▶ _Dataset extract_

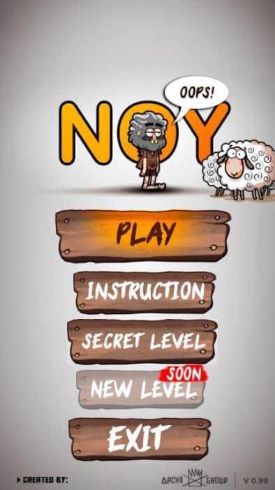 NOY - увлекательная аркада в которой вам предстоит помочь Ною продержаться как можно дольше живым во время всемирного потопа, а делать это предстоит довольно необычным путем. С неба сыпяся всевозможные предметы, ящики, доски, бомбы и прочее, ваша задача используя все что упало по назначению выстроить помост или сооружение или что-то что поможет вам укрыться от постоянно прибывающей воды. Строить необходимо побыстрее ведь потоп ждать не будет. Не смотря на незамысловатый, на первый взгляд, геймплей игра быстро затягивает и не последнюю роль в этом играет отличная рисованная графика и харизматичные персонажи.
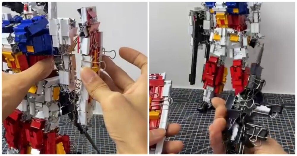 Фаната аниме Gundam собрал небольшого человекоподобного робота из канцелярских зажимов.
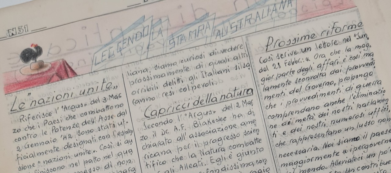 A handwritten Italian fascist newspaper called 'Patria', written by Italian prisoners of war detained in Australia in 1942. Credit: OMAA/Australian War Memorial
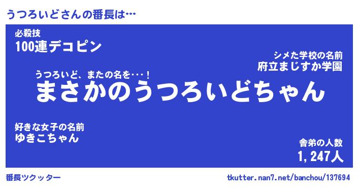 | ポケモン風あだ名 | 『ウツチュウ』『ウツロダネ』 |

▶ _What the exercise asks_
The answer is the full listing above, repeated exactly, with its pictures removed.

▶ _Response_
 NOY - увлекательная аркада в которой вам предстоит помочь Ною продержаться как можно дольше живым во время всемирного потопа, а делать это предстоит довольно необычным путем. С неба сыпяся всевозможные предметы, ящики, доски, бомбы и прочее, ваша задача используя все что упало по назначению выстроить помост или сооружение или что-то что поможет вам укрыться от постоянно прибывающей воды. Строить необходимо побыстрее ведь потоп ждать не будет. Не смотря на незамысловатый, на первый взгляд, геймплей игра быстро затягивает и не последнюю роль в этом играет отличная рисованная графика и харизматичные персонажи.
 Фаната аниме Gundam собрал небольшого человекоподобного робота из канцелярских зажимов.
 A handwritten Italian fascist newspaper called 'Patria', written by Italian prisoners of war detained in Australia in 1942. Credit: OMAA/Australian War Memorial
 | ポケモン風あだ名 | 『ウツチュウ』『ウツロダネ』 |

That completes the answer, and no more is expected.